If you discover a security vulnerability in NAFNet Image Restoration API, please email ffjisan804@gmail.com instead of using the issue tracker. Include:

1. Description of the vulnerability
2. Steps to reproduce
3. Potential impact
4. Suggested fix (if available)

We take all security reports seriously and will respond within 48 hours.

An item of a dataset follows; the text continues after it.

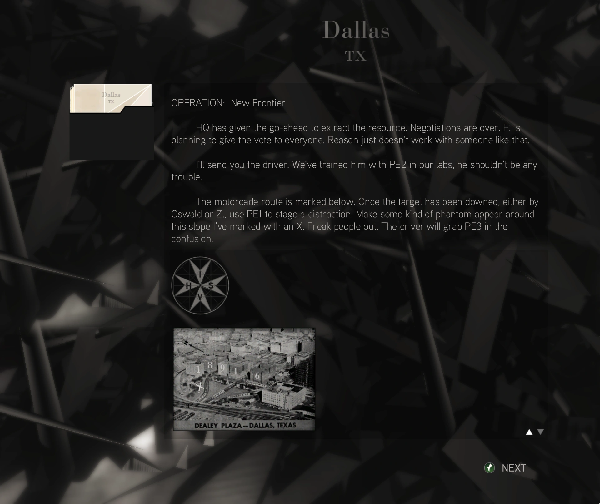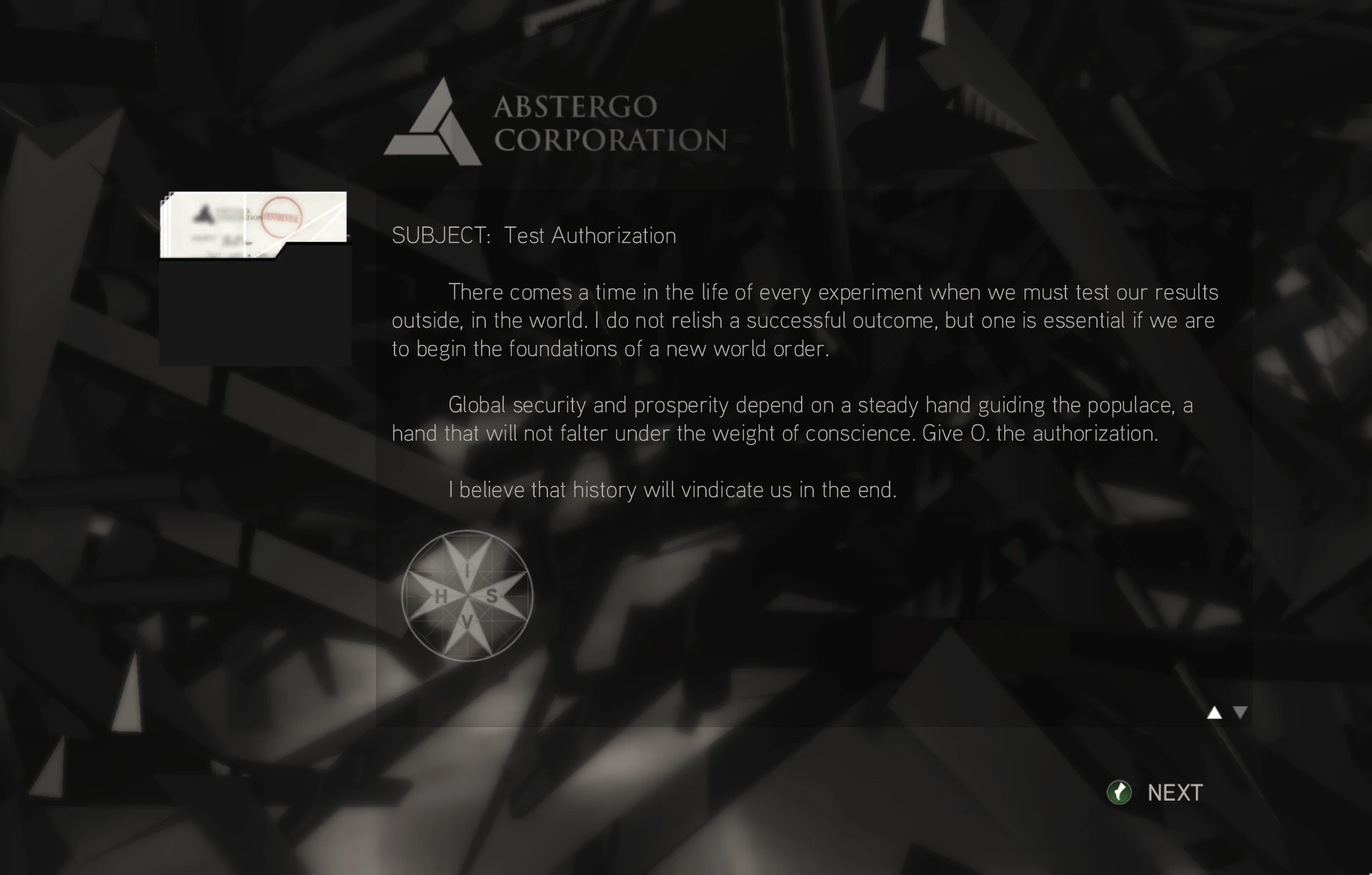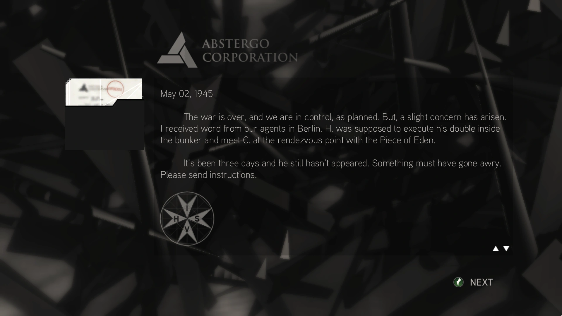 La guerra è finita e, come pianificato, il potere è nelle nostre mani. Tuttavia serpeggia la preoccupazione. Ho ricevuto un messaggio dai nostri agenti a [[Berlino]. H doveva eliminare la sua donna nel bunker e recarsi all'incontro con C nel luogo stabilito, recando con sé il Frutto dell'Eden.

• Always use HTTPS in production
• Validate file uploads on both client and server
• Set appropriate file size limits
• Use environment variables for sensitive configuration
• Keep dependencies updated: pip install --upgrade -r requirements.txt

• Never commit secrets or API keys
• Use .gitignore to exclude sensitive files
• Validate and sanitize all inputs
• Use secure random number generation
• Follow PEP 8 and security guidelines
• Run security checks: bandit -r app.py

# Use virtual environment
python -m venv venv
source venv/bin/activate

# Install dependencies securely
pip install -r requirements.txt

# Use specific base image version
FROM python:3.11-slim

# Run as non-root user
USER appuser

# Set file permissions correctly
RUN chmod 755 /app

We use the following security tools:

• pip-audit: Check for known vulnerabilities
• bandit: Security issue detection
• safety: Dependency vulnerability scanning

Run security checks:

pip-audit
bandit -r .

• Urgent: 24-48 hours
• High: 5-7 days
• Medium: 14 days
• Low: 30 days

We appreciate the security research community's responsible disclosure of vulnerabilities.